Lennon threw the Audi into first and floored the accelerator. The tires churned ice before the car hauled away, its rear end sweeping to the right, as the back window cracked and something tore into the roof lining. Galya screamed.
The Audi fishtailed as it fought for traction, and Lennon struggled to remember the driver training he’d received years ago when he joined the force. He steered into the slide, eased off the accelerator, and felt the car straighten. Every instinct screamed at him to jam the pedal into the carpet, but he kept control, concentrated on maintaining his course, not sacrificing grip for speed.
He guided the car onto King’s Bridge, used the straight to gain momentum, eased back when he felt the rear wheels skitter. As he neared the junction at the far end, he glanced in his rearview mirror. Through the reflection of the back window’s splintered glass, he saw headlights pierce the fog, one burning bright, the other dimmed by damage.
The traffic lights turned red as he crossed the junction on to Sunnyside Street, but Lennon ignored them. The Nissan’s lights drew closer, its four-wheel-drive clinging to the road better than the Audi could manage.
Lennon thought hard. Streets branched off Sunnyside to form warrens of residential roads, narrow and twisting.

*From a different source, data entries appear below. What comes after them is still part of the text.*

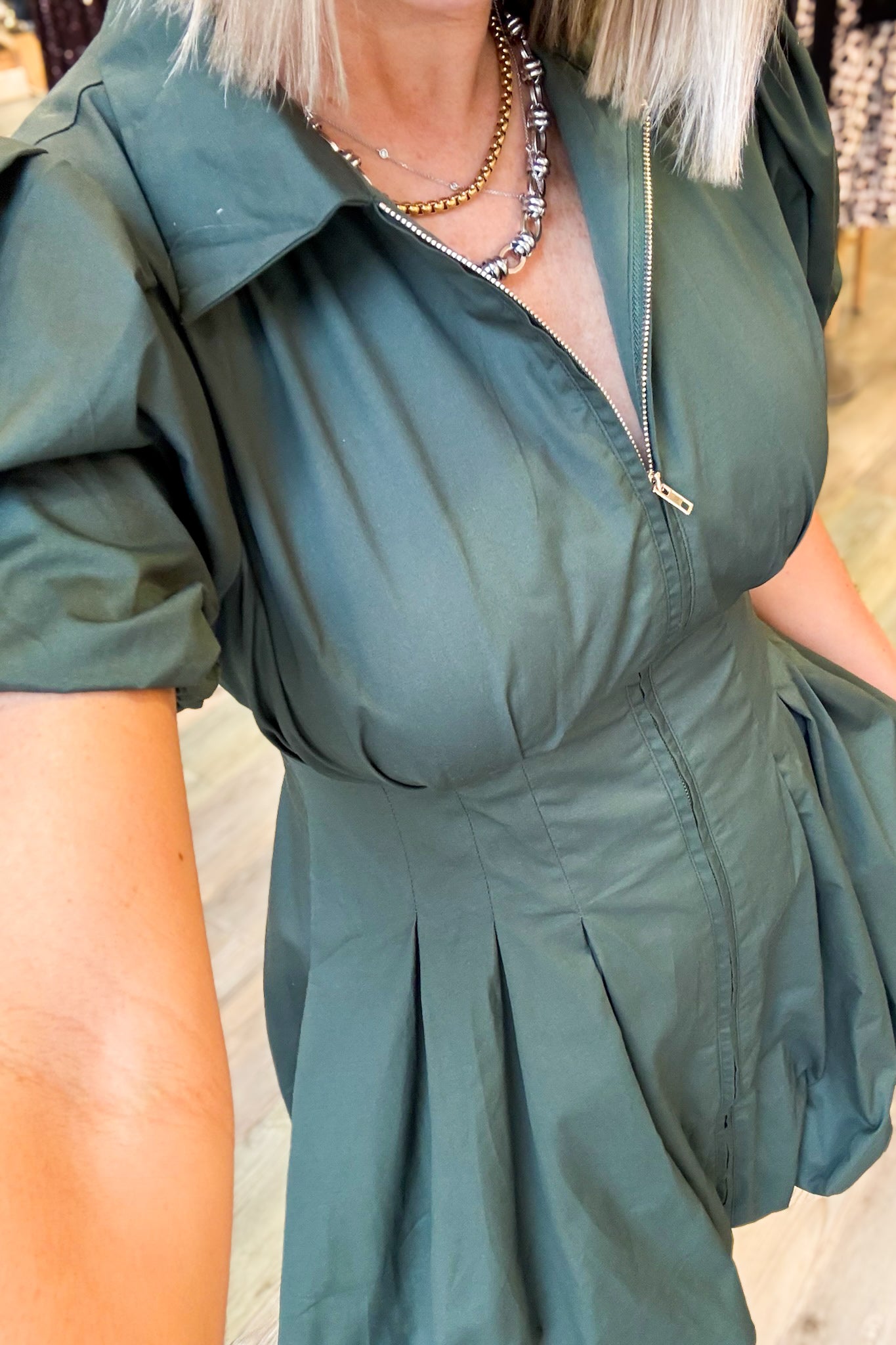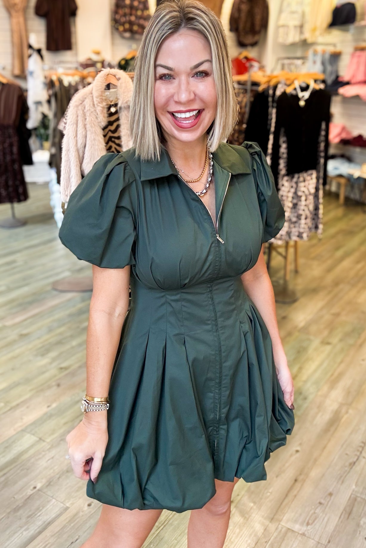 Elevate your style with the Cali Hunter Green Dress. This gorgeous olive dress features a front zipper and cinched waistline, adding a touch of unique charm to your wardrobe. Perfect for any occasion, this dress will make you feel confident and stylish. Don't miss out on this must-have piece!
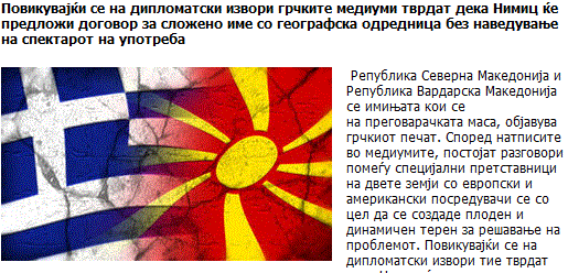 «Ο πρωθυπουργός των Σκοπίων θεωρεί ότι είναι πλέον καιρός να λυθεί το πρόβλημα με την Ελλάδα για το συνταγματικό όνομα της πΓΔΜ, αλλά, όπως είπε, θεωρεί ότι οι απαιτήσεις του νότιου γείτονα είναι μαξιμαλιστικές» γράφουν τα σκοπιανά μέσα ενημέρωσης.
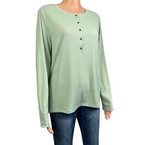 GH Bass Womens Large Light Green Shirt Top Textured Henley Long Sleeve T-Shirt
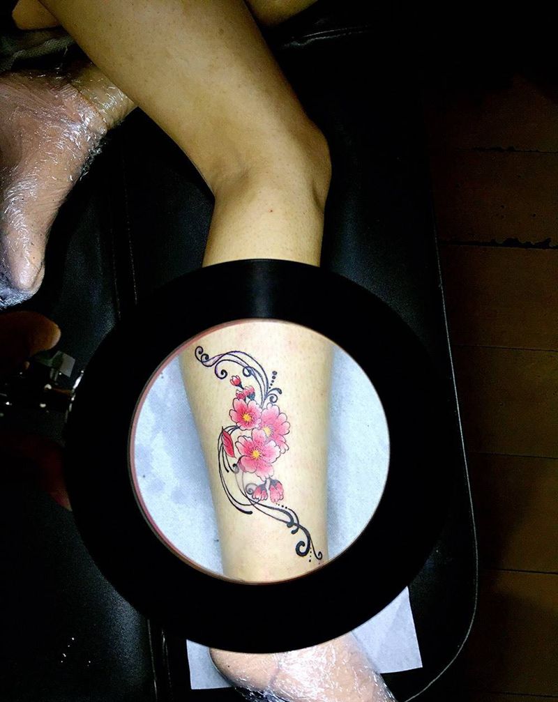 • T网红王老大花腿龙纹身图片_腿部新传统纹身图案
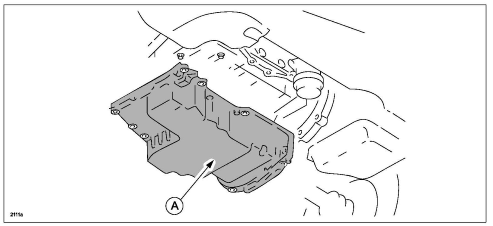 The removal / installation procedure and suggested repair time of engine oil pan have been updated. When you remove / install the engine oil pan (A) to repair oil leakage from the engine oil pan or other reasons, be sure to follow this updated procedure.
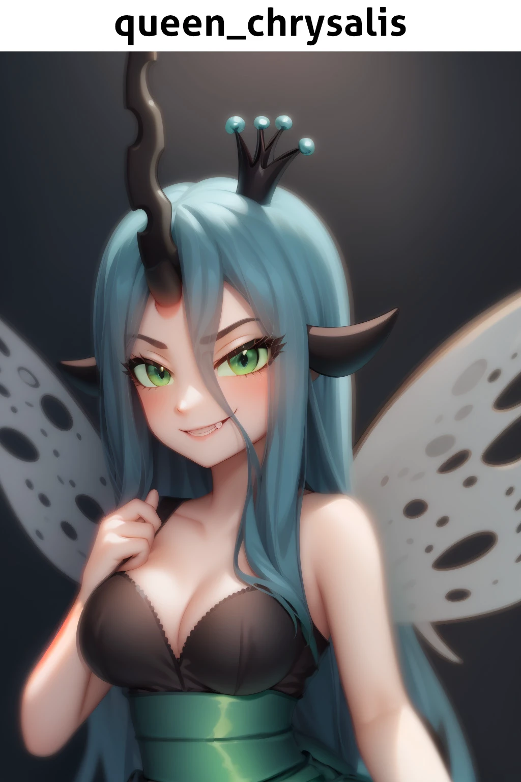 Queen Chrysalis has been trained on vest amount of various tags. Main trigger is queen_chrysalis, with additional chrysalis crown, chrysalis horn, and chrysalis ears. Beside these there are also other tags that were fined tuned to give a specific look for Chrysalis. Continue reading to learn more.
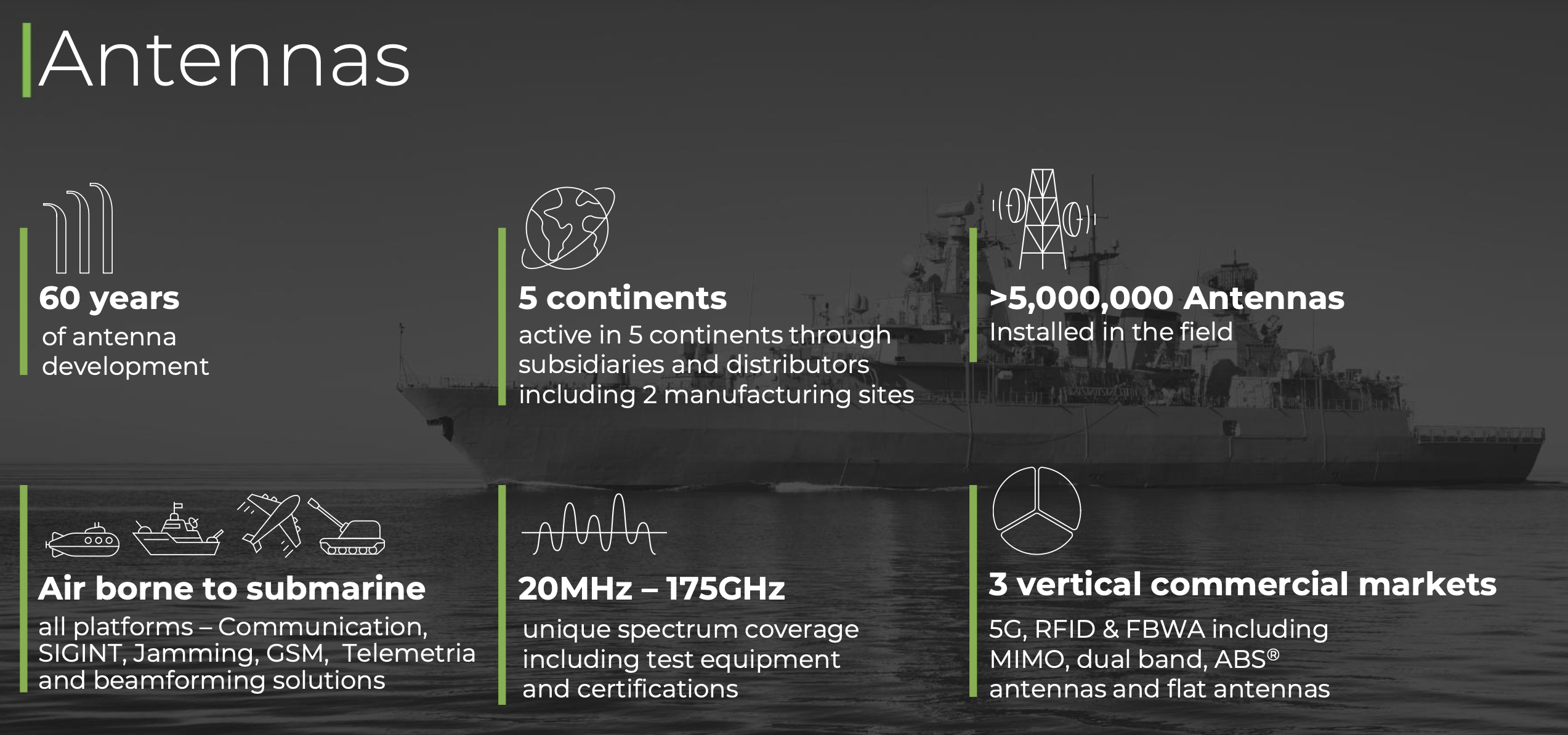 Looking back the FY Dec results, which cam out a month ago, the Antenna’s division is just under a third of group revenue. It was growing at +11% per year, but military antennas was growing at +50%, and represented around half (so 15% of group) of the division. The other divisions are Water Control & Management, just over a third of revenue, which manages water irrigation for agriculture and was growing at +10%. The third division is Distribution & Professional Consulting Services, which contains MTI Summit and PSK brands, also selling into the defence sector, around 80% of revenue (a quarter of group revenue).
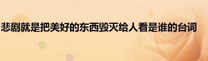 关于悲剧就是把美好的东西毁灭给人看是谁的台词这个很多人还不知道,今天菲菲来为大家解答以上的问题,现在让我们一起来看看吧!

The Nissan might have better grip, but its advantage would be lost to the bulk its big wheels had to haul around the corners. Lennon pushed the accelerator as hard as he dared and climbed the shallow incline. The Nissan kept pace, and gained ground.
He slowed as he approached the corner of Deramore Avenue and turned the steering wheel, allowing the Audi to drift a little, before straightening and reapplying power. He barely missed the parked cars on either side of the avenue as he guided the Audi into the channel that ran between them. In the mirror he saw the Nissan follow behind, its body leaning as it skidded into the corner. It swiped one parked car, bounced across the street to glance off another, before righting itself. Alarms wailed in the night.
Barely a few feet separated the Nissan’s damaged front grille from the Audi’s rear bumper. Lennon pushed the car harder, fought the steering wheel as the back wheels danced on the ice. Up ahead, he saw the corner of Ailesbury Drive as vague shapes in the grey. Beyond that, he knew the hard right into Deramore Gardens would be near impossible, but he had to try.